BRIEF: Write out exactly the lines from the one containing "CIELCh 48.758,43.3,269.48 Color" through the last line of the records below, both included, and leave out any pictures.

DATA TO USE:
================
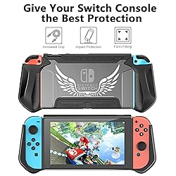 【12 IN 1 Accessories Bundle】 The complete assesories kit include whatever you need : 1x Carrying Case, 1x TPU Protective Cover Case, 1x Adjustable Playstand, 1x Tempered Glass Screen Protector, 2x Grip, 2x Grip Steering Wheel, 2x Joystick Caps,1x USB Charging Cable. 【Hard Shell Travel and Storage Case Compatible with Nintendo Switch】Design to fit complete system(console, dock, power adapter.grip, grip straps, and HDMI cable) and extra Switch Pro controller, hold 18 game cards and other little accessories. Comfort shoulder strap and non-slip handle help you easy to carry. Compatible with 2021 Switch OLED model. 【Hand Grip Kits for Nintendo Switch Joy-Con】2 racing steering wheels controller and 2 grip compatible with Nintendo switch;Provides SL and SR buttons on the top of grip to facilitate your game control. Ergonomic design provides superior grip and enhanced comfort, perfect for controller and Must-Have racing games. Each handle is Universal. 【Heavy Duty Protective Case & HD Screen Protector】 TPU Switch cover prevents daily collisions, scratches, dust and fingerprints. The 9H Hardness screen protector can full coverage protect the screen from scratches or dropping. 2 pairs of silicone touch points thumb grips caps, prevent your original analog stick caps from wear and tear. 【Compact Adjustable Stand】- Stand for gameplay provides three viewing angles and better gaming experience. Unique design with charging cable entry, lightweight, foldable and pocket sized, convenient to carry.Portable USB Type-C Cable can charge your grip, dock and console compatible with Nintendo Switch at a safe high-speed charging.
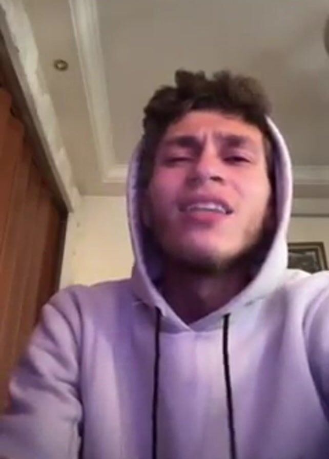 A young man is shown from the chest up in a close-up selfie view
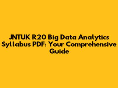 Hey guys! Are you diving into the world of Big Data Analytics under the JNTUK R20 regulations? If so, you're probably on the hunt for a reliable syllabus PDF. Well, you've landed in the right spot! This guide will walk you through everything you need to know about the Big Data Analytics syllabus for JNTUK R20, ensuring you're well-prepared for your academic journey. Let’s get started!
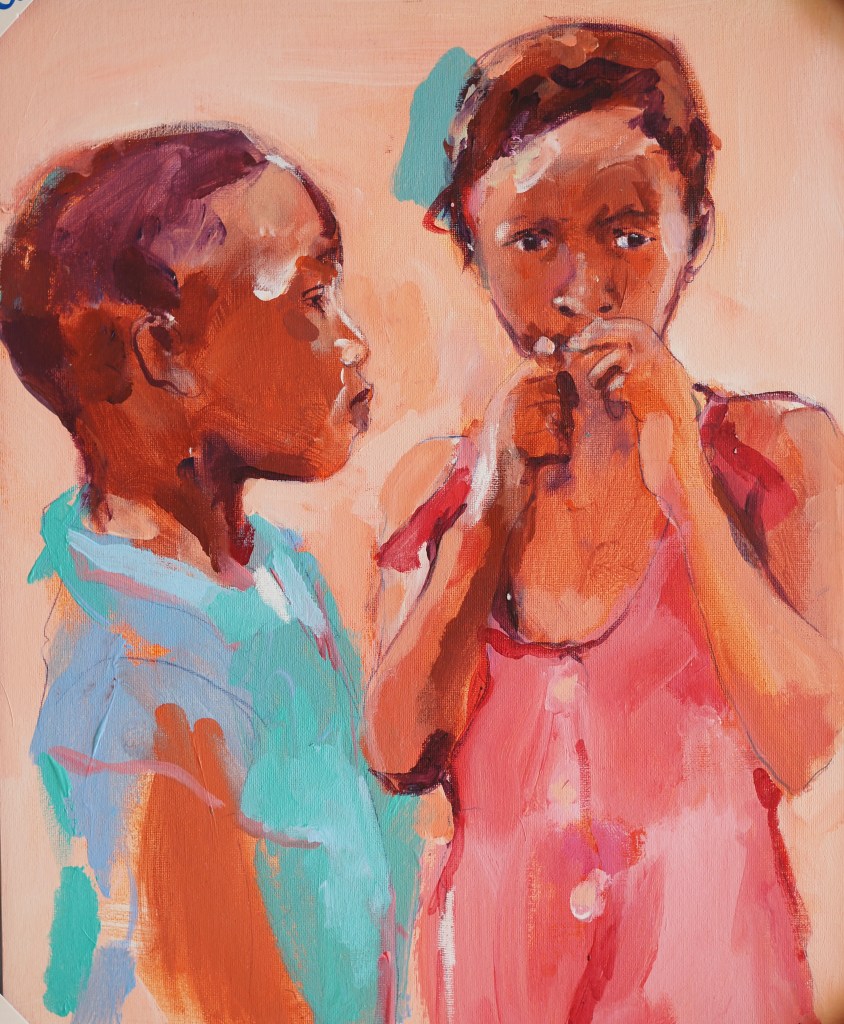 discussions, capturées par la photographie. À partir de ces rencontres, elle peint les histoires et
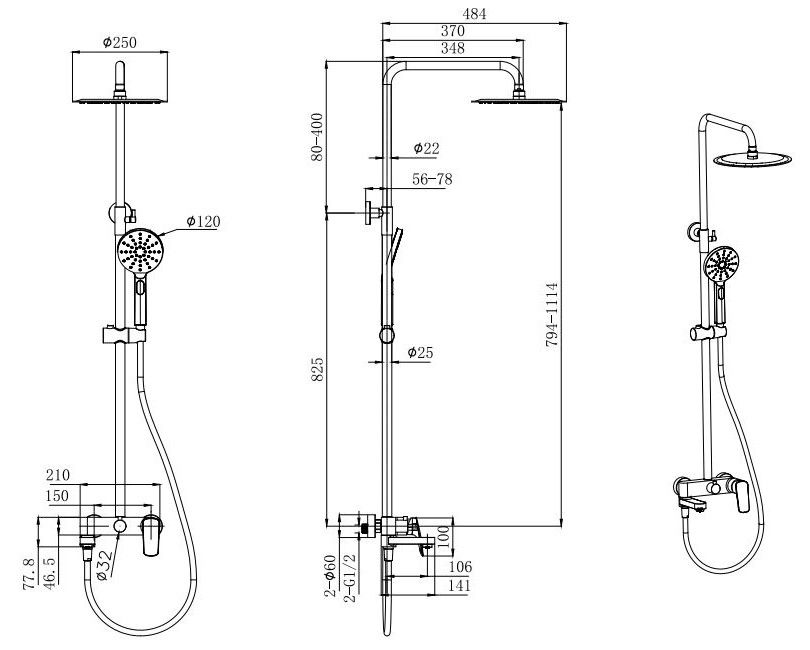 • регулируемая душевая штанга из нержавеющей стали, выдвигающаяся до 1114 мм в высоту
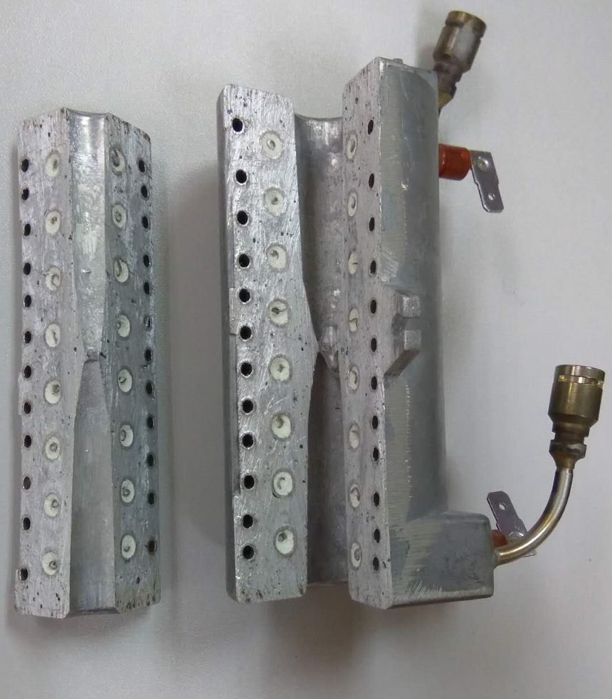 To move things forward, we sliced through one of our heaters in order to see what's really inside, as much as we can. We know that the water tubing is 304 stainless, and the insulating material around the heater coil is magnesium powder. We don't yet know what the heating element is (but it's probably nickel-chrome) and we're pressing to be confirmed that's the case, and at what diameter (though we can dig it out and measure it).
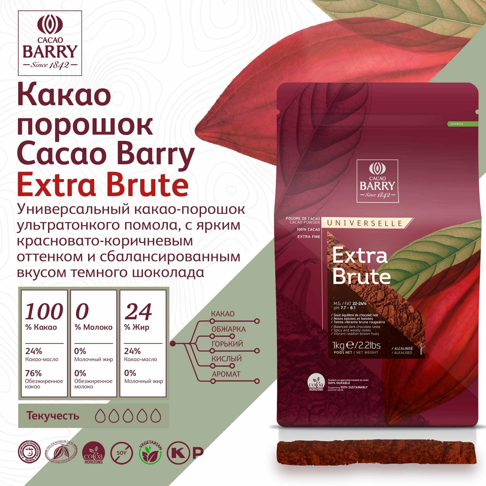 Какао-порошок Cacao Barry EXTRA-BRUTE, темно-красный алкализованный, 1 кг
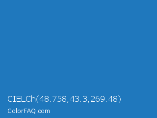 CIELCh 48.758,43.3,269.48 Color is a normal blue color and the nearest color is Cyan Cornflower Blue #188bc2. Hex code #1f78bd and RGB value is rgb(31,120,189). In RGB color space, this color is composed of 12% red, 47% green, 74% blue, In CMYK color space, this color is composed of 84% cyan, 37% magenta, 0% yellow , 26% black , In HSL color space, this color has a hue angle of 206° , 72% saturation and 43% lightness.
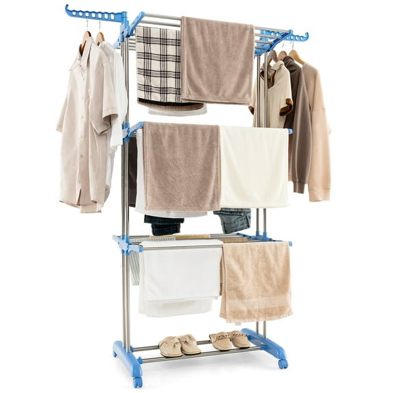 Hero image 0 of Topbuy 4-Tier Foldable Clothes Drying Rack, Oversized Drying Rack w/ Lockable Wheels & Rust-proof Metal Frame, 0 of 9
================
SOLUTION BELOW:
 CIELCh 48.758,43.3,269.48 Color is a normal blue color and the nearest color is Cyan Cornflower Blue #188bc2. Hex code #1f78bd and RGB value is rgb(31,120,189). In RGB color space, this color is composed of 12% red, 47% green, 74% blue, In CMYK color space, this color is composed of 84% cyan, 37% magenta, 0% yellow , 26% black , In HSL color space, this color has a hue angle of 206° , 72% saturation and 43% lightness.
 Hero image 0 of Topbuy 4-Tier Foldable Clothes Drying Rack, Oversized Drying Rack w/ Lockable Wheels & Rust-proof Metal Frame, 0 of 9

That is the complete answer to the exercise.